Cranston Rep. Arthur Handy and Sen. Joshua Miller sponsored a bill that would let cities and towns in Rhode Island prevent flooding by requiring builders to comply with strict runoff design standards.

New Runoff Law Could Spare Future Flooding

From the State House press office:

Legislation sponsored by Sen. Joshua Miller and Rep. Arthur Handy has been signed into law, enabling cities and towns around the state to prevent flooding by requiring builders to comply with state standards for pavement, drainage and runoff.

The legislation ( 2012-S 2445A2012-H 7803A) is meant to give cities and towns more power to prevent or reduce the impact of major floods like those in March 2010 that caused severe damage in much of the Cranston and Warwick areas that Representative Handy and Senator Miller represent.

The legislation, which was recently signed into law by Gov. Lincoln Chafee, enables towns to pass ordinances that require those developing new construction or redevelopment to comply with the Rhode Island Stormwater Design and Installation Standards Manual, which requires developers to use methods and materials meant to avoid flooding and runoff problems.

The state already requires compliance with the standards in the manual for projects greater than one acre, as well as those that disturb wetlands or discharge significant storm water into the ground. The new law gives cities and towns the option of adopting the same standards for smaller projects within their jurisdiction.

"This is a way to give municipalities an option they can use, especially if they have areas prone to flooding, to prevent construction methods that exacerbate the problems.
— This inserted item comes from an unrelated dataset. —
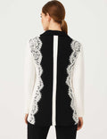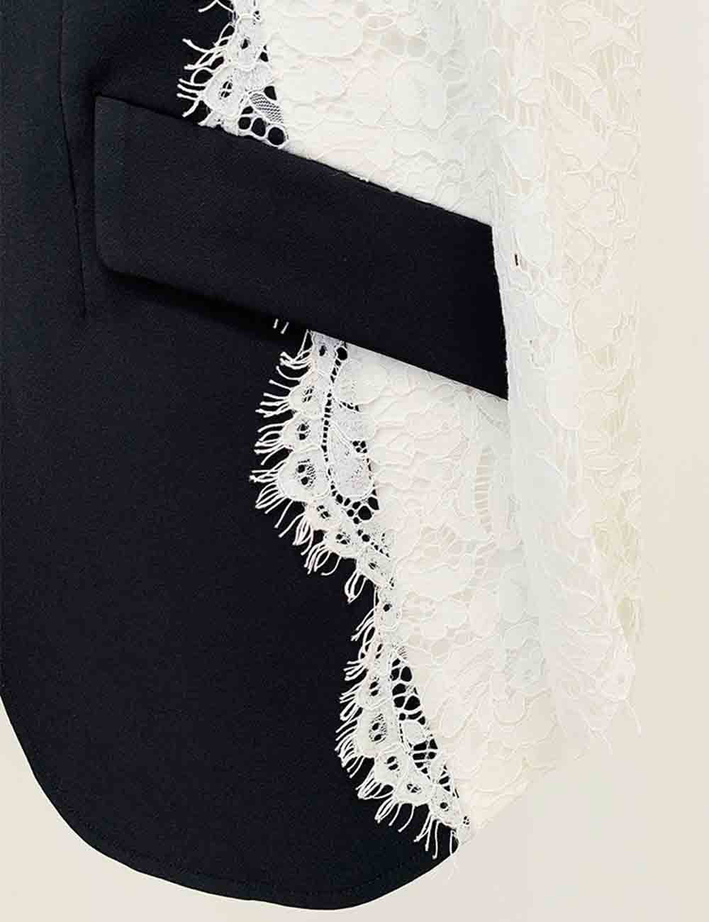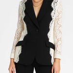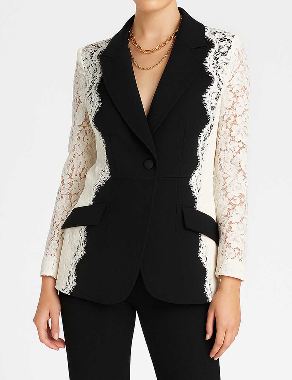 Ladies Color Block Lace Embroidery Notched Lapel Blazer

If an area in a floodplain, for example, is being developed bit by bit, over time all the additional pavement and other disturbances to the surface can result in there being no place for excess water to go during a large storm. Using these standards would help prevent that water from winding up in people’s basements, homes and yards and damaging their property as well as the environment as it absorbs contaminants on the surface," Miller said (D-Dist. 28, Cranston, Warwick).

Handy, of Dist. 18, said  "When the Pawtuxet River flooded in our districts in 2010, there were homes that were completely destroyed, along with people’s cars and personal belongings. While you can’t always prevent flooding, more careful development methods are available to reduce the probability and lessen the impact when it does happen. Our legislation doesn’t force cities and towns to do anything, but it does give municipalities the planning tools that represent the best practices to prevent flooding and protect Rhode Islanders, their property, our rivers, and the Narragansett Bay."
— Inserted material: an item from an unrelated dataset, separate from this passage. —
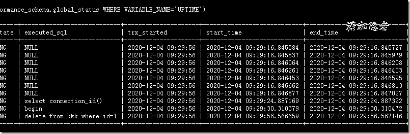 SELECT @dt_ts:=UNIX_TIMESTAMP(NOW());SELECT @dt_timer:=MAX(sh.TIMER_START)FROM performance_schema.threads AS tINNER JOIN performance_schema.events_statements_history AS shON t.`THREAD_ID`=sh.`THREAD_ID`WHERE t.PROCESSLIST_ID=CONNECTION_ID(); SELECT sh.current_schema AS database_name ,t.thread_id ,it.trx_mysql_thread_id AS connection_id ,it.trx_id ,sh.event_id ,it.trx_state ,REPLACE(REPLACE(REPLACE(sh.`SQL_TEXT`,’n’,’ ’),’r’,’ ’),’t’,’ ’) AS executed_sql ,it.trx_started ,FROM_UNIXTIME(@dt_ts-CAST((@dt_timer-sh.TIMER_START)/1000000000000 AS SIGNED)) AS start_time ,FROM_UNIXTIME(@dt_ts-CAST((@dt_timer-sh.TIMER_END) /1000000000000 AS SIGNED)) AS end_time ,(sh.TIMER_END-sh.TIMER_START)/1000000000000 AS used_seconds ,sh.TIMER_WAIT/1000000000000 AS wait_seconds ,sh.LOCK_TIME/1000000000000 AS lock_seconds ,sh.ROWS_AFFECTED AS affected_rows ,sh.ROWS_SENT AS send_rowsFROM performance_schema.threads AS tINNER JOIN information_schema.innodb_trx it ON it.trx_mysql_thread_id = t.processlist_id INNER JOIN performance_schema.events_statements_history AS sh ON t.`THREAD_ID`=sh.`THREAD_ID`WHERE t.PROCESSLIST_ID IN ( SELECT p.ID AS conn_id FROM `information_schema`.`INNODB_TRX` t INNER JOIN `information_schema`.`PROCESSLIST` p ON t.trx_mysql_thread_id=p.id WHERE t.trx_state=’RUNNING’ AND p.COMMAND=’Sleep’ AND p.TIME>2 )AND sh.TIMER_START<@dt_timerAND FROM_UNIXTIME(@dt_ts-CAST((@dt_timer-sh.TIMER_START)/1000000000000 AS SIGNED)) >=it.trx_startedORDER BY it.trx_id ASC, sh.TIMER_START ASC;

The  Stormwater Design and Installation Standards Manual, developed by the Department of Environmental Management and the Coastal Resources Management Council, sets standards for low-impact development methods to minimize stormwater runoff, manage it naturally and disperse it across multiple locations. Methods can include the use of paving materials that aren’t impervious to water, the planting of vegetation that will help absorb water, and the use of technology to prevent water pollution from trash, automotive leakage or septic systems and cesspools that leach into stormwater.